*** Begin section ***

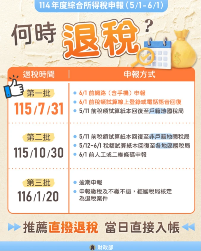 114 年度所得稅申報期間為 5 月 1 日至 6 月1日,退稅分三批進行。取自FB@財政部 zoomin
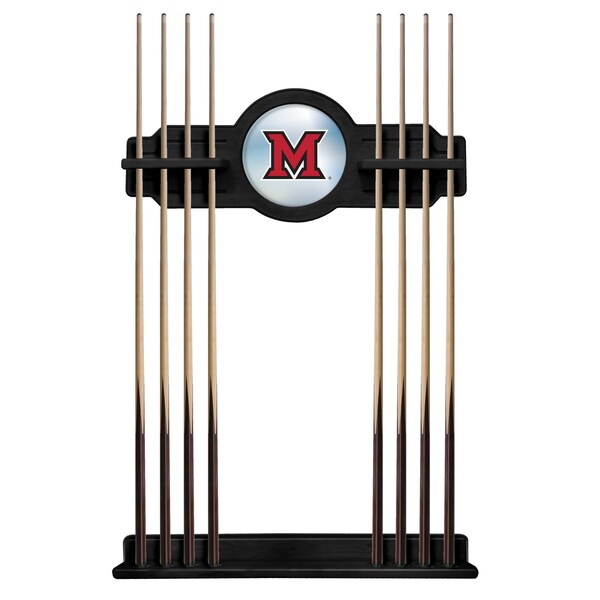 This Officially Licensed Miami (OH) 2 piece Cue Rack by the Holland Bar Stool Co. is a must have accessory for your pool table and game room. Our furniture quality que rack is solid wood, no particle board or veneer like the others in the market. The top section features CNC routed decorative elements and a 10 1⁄2” real mirrored glass center piece that features a first surface digitally UV printed logo, not a sticker like the others. The “shelves” have routed holes that hold the stick in place and won’t damage the cue shaft like inexpensive plastic clips. The bottom section has designated areas for the cue bumper to sit in that are felt lined. The rack features a multi step stain and finish process that ensures a durable yet elegant appearance. Hanging hardware is installed in both top and bottom sections that allow for tight, flush mounting to the wall. The unit comes complete with mounting hardware and instructions. Overall Dimensions: Upper Section: 34" x 14"; Lower Section: 34" x 3 1/2". Finish off your game room with this beautiful Cue Rack from the Holland Bar Stool Co.
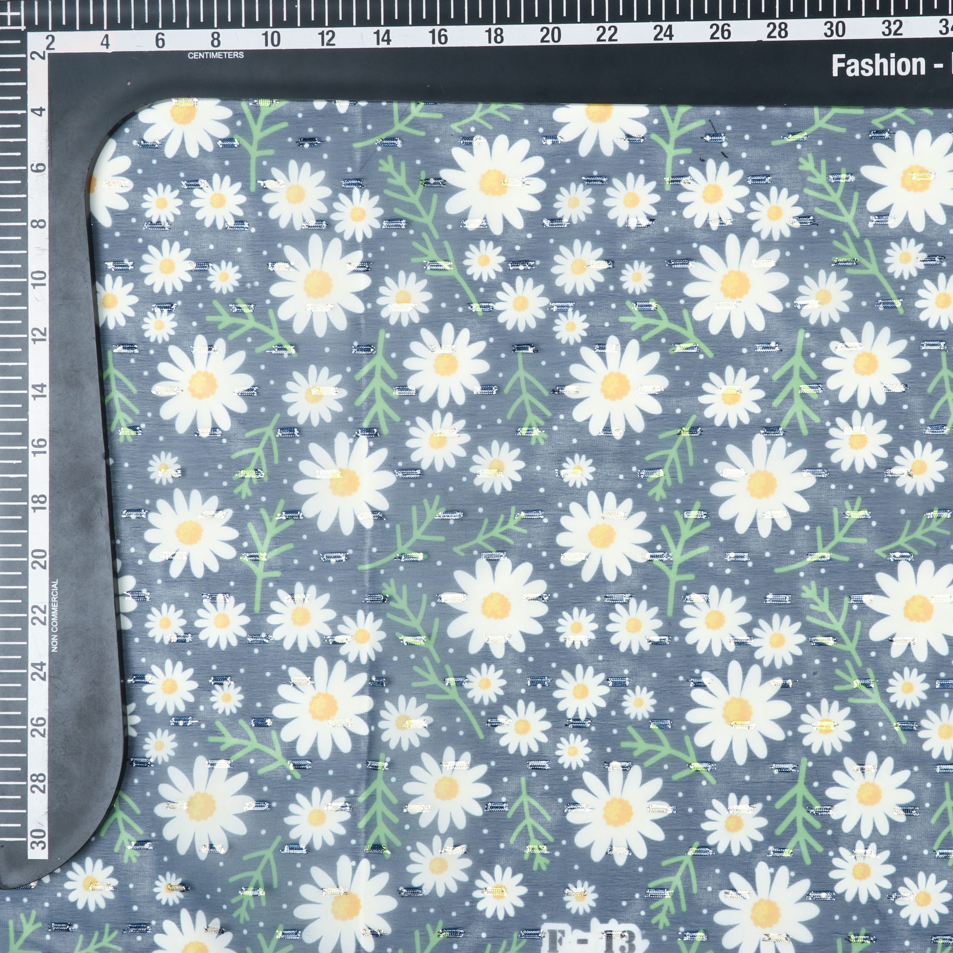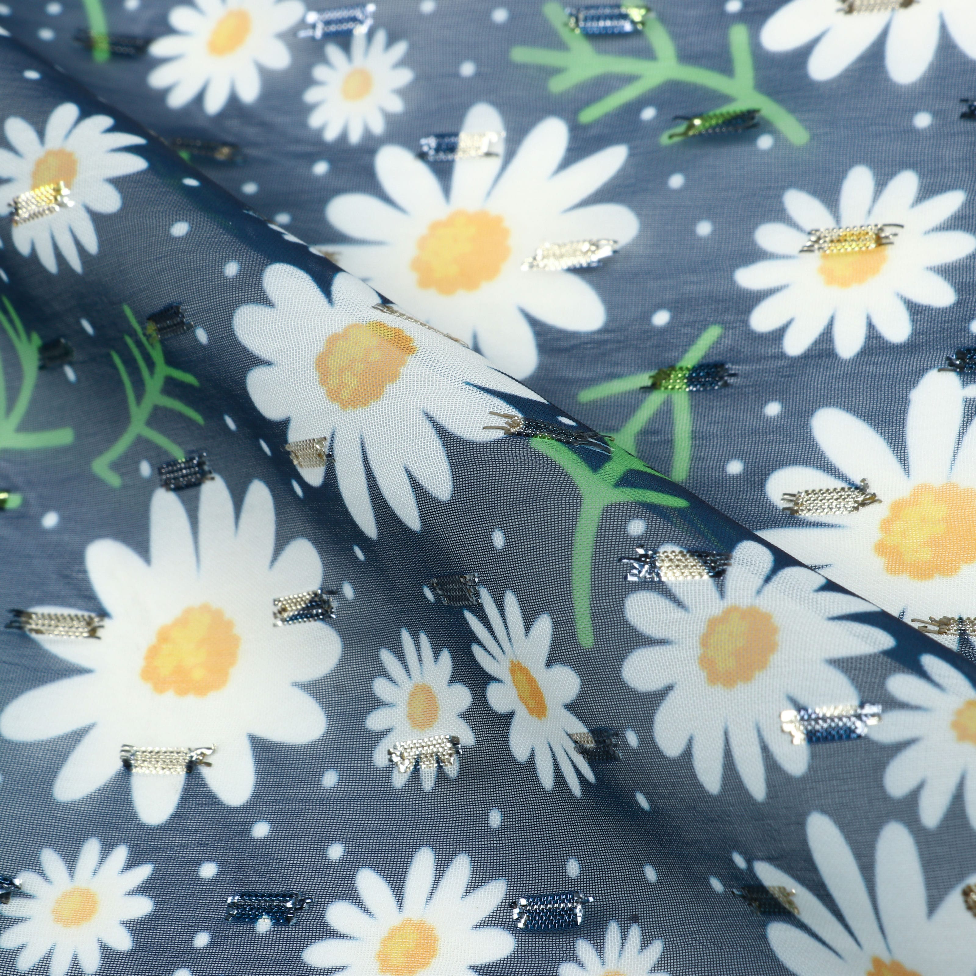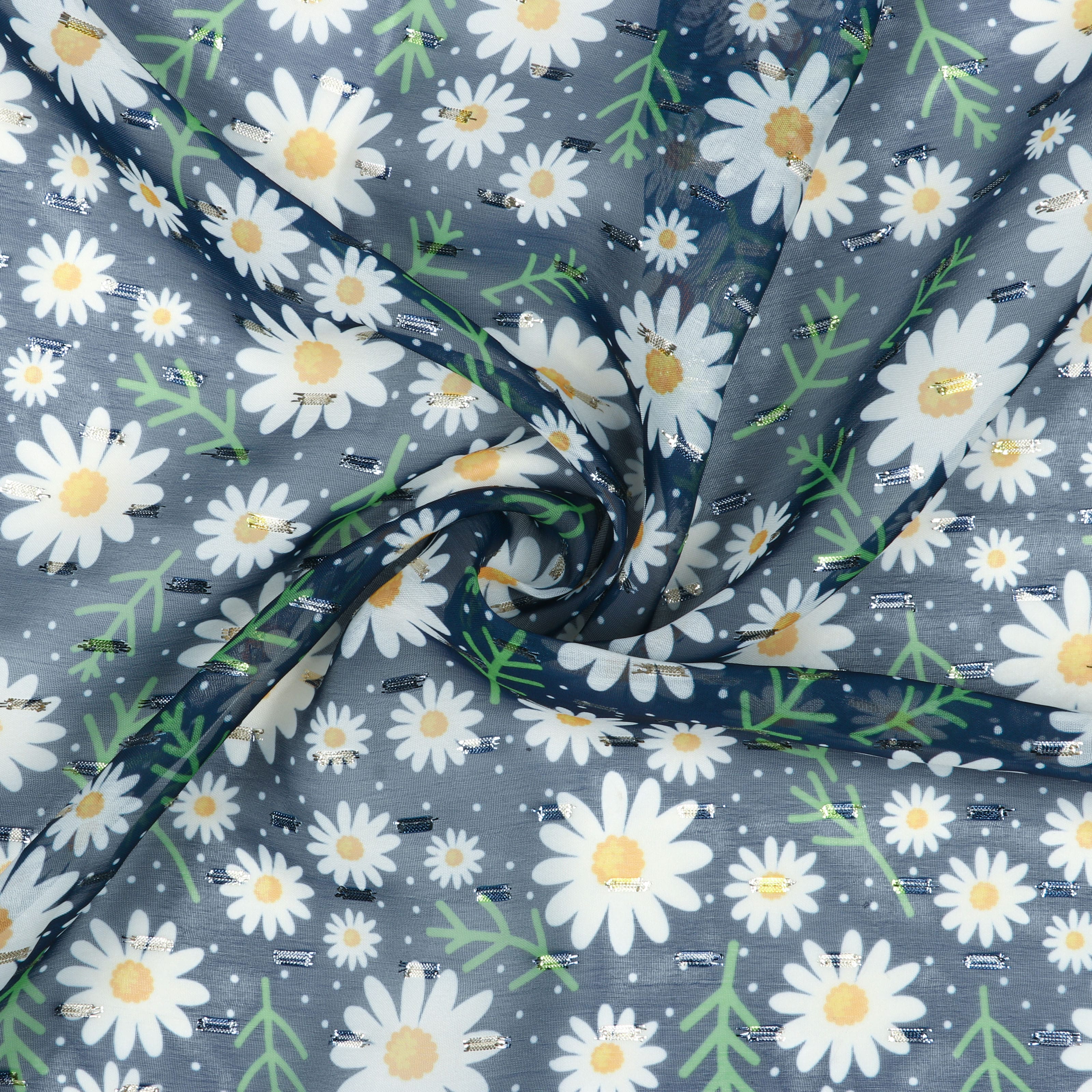 Navy Blue and White Floral Digital Print Chiffon Fabric with Golden Zari Dobby
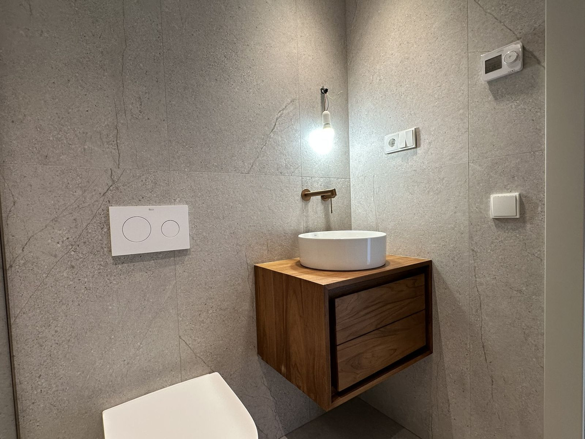 - Ground floor: Elegant living-dining room with an integrated, fully equipped designer kitchen and direct access to a pleasant terrace with sea views and a porch, ideal for enjoying the Mediterranean climate year-round. Guest toilet.
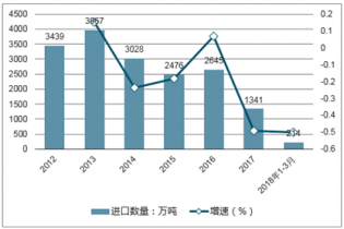 2012-2018年中國無煙煤進口數(shù)量統(tǒng)計圖

*** End section ***

[PROBLEM DETAILS] Could you transcribe exactly the lines running from the one with "- Ground floor: Elegant" to the final line of the material above, both included, with no pictures?

[RESULT OF THE TASK]
 - Ground floor: Elegant living-dining room with an integrated, fully equipped designer kitchen and direct access to a pleasant terrace with sea views and a porch, ideal for enjoying the Mediterranean climate year-round. Guest toilet.
 2012-2018年中國無煙煤進口數(shù)量統(tǒng)計圖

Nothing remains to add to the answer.